В комнате тем временем разворачивались провода и настраивались инструменты. Разложились, подключились, стали репетировать. Потом - пробовать записать. Работали над песней "Стена".
С Лялей они моментально нашли общий язык, и немедленно «наехали» на него, поскольку в этой песне Он постоянно проглатывал первый слог, и получалось «тит в неизвестность стена» вместо "летит". Пробовали и так, и этак: глотает - и все тут! Дошло до того, что, сыграв вступление, Он просто начинал загибаться от хохота, и запись приходилось останавливать. Решили прерваться, успокоиться, попить чайку. Попили. Возобновили.
И вот, вступление подходит к концу, все сжались и замерли, затаив дыхание. А Он вдруг поворачивается к ним с Лялей, делает большие глаза и демонстративно произносит: «Ле!» - потом поворачивается к микрофону и спокойно продолжает: «тит в неизвестность стена...»
Народ лег. Запись снова пришлось остановить.
Она ощущала удивительную легкость. В животе словно порхали бабочки. Она знала, что уходит, а Он не знал. Ее внутренний бесенок был уверен, что друзья не дадут ему не заметить ее исчезновения, и заранее потешался. Тем вечером Она ушла домой, улыбаясь, бросив на прощанье короткое «пока».
Собственно, осталось совсем немного. Впереди маячила запись на телестудии для новогоднего марафона и – самое сложное – объяснение с семьей.
Первое далось ей легко и даже доставило удовольствие. Было забавно наблюдать, как оператор, сверкая глазами, тащит к камере режиссера и всех сотрудников, оказавшихся поблизости, и почти кричит, размахивая руками: «Вы посмотрите! Вы только посмотрите, какая фактура! Какая фактура! Выдерживает самый крупный план! Просто шикарно!» Да и на экране телевизора потом смотрелось весьма недурно, тепло и душевно.

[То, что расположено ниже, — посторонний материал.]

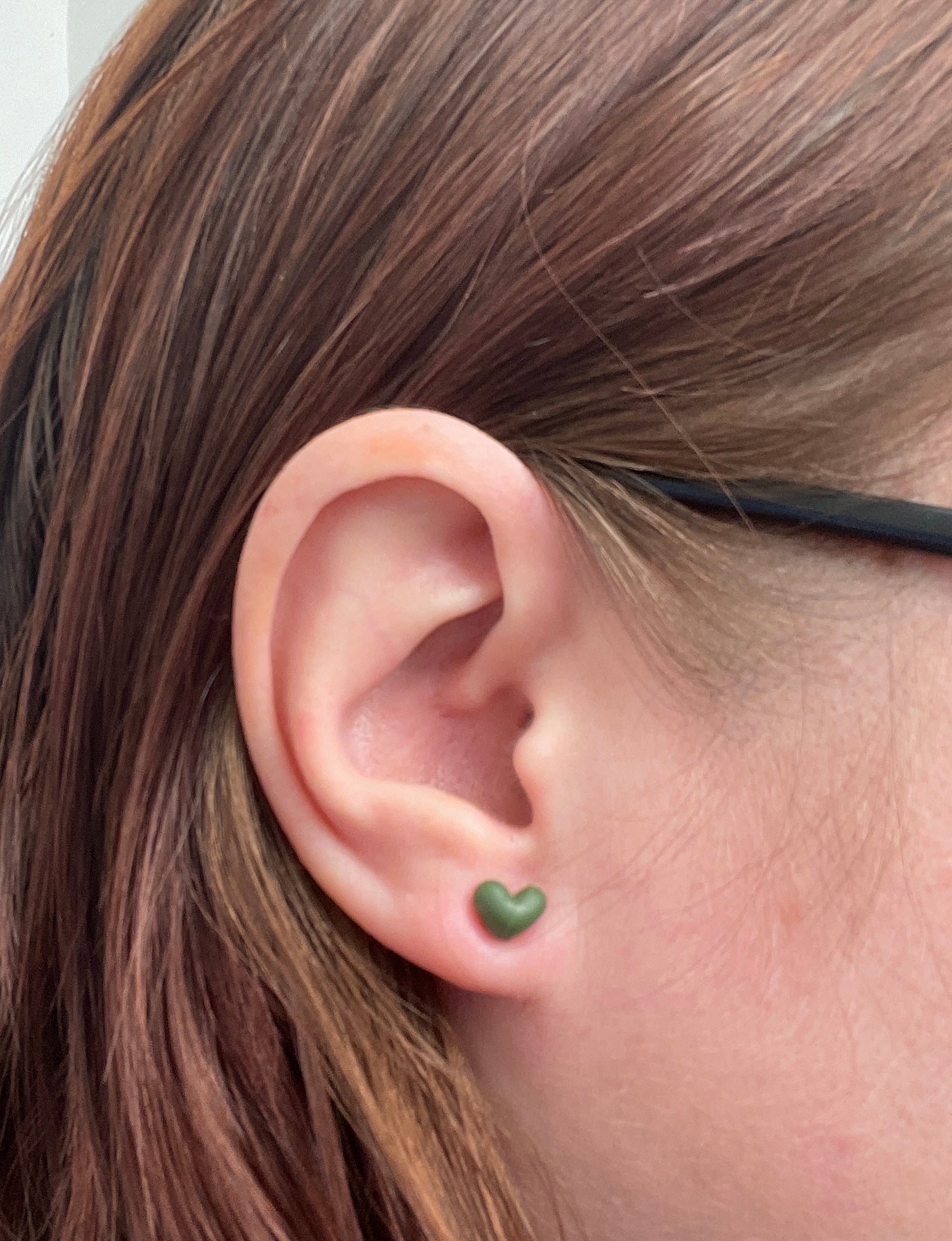 Celebrate the season with our Christmas heart studs; handcrafted polymer clay earrings in festive shades: fir green cranberry red, and rich gold. Each pair is shaped into a petite heart with a smooth matte finish—perfect for gifting, dressing up your winter wardrobe, or adding a subtle sparkle to your holiday look.

Со вторым же было намного труднее. Она не особо рассчитывала на то, что родные поймут ее. Они никогда ее по-настоящему не понимали. Странный ребенок со странными взглядами на жизнь. Больше всего Она боялась огорчить деда, которого очень любила. Она знала, что бабушка будет молчать, поджав губы, что тетушка будет крутить пальцем у виска, убеждая не глупить. А дед… Он посмотрел ей в глаза и сказал: «Делай, как знаешь». Никто в семье не чувствовал ее так тонко, как дед. Было видно, что он переживает за нее, но уверен, что Она знает, что творит. Это ее немного успокоило.
Разговор с матерью был особенно тяжелым. Скандал, слезы, истерика, посулы выписать ее из квартиры, выкинуть все ее вещи… Смешно… Когда-то в детстве Она сама, когда злилась на маму, кричала, что порвет все ее платья и выбросит в окошко шифоньер. Теперь они словно поменялись местами. Чем больше кричала мать, тем спокойнее Она становилась, тем больше укоренялась ее решимость уехать из города. После скандала они какое-то время не разговаривали. Она слышала, как ночью мать плачет в подушку. Но менять ничего не собиралась.
В канун Нового Года, тридцать первого декабря, Она заехала к нему в гости, чтобы поздравить его родных, которых за время их близости успела горячо полюбить, не особо рассчитывая на то, что застанет его дома. Рассчитывая даже, что не застанет. И когда Она пришла, его, действительно, дома не было. Подарив подарки, хотела быстренько уйти – от греха подальше, но ее усадили за стол. Не прошло и получаса, как щелкнул замок, и Он вошел в квартиру. Увидев ее, изменился в лице, но быстро справился с нахлынувшим чувством. Поздоровался и пошел в свою комнату, переодеваться к новогоднему застолью. Выждав немного, Она сказала, что ей все же нужно идти, потому что иначе опоздает на транспорт, и ее маме придется встречать Новый Год одной. Встала из-за стола и пошла к нему, якобы попрощаться.
Войдя в комнату, увидела, что Он и не думал переодеваться. Сидел на диване, опустив голову.
- Я зашла попрощаться, - сказала Она и села рядом.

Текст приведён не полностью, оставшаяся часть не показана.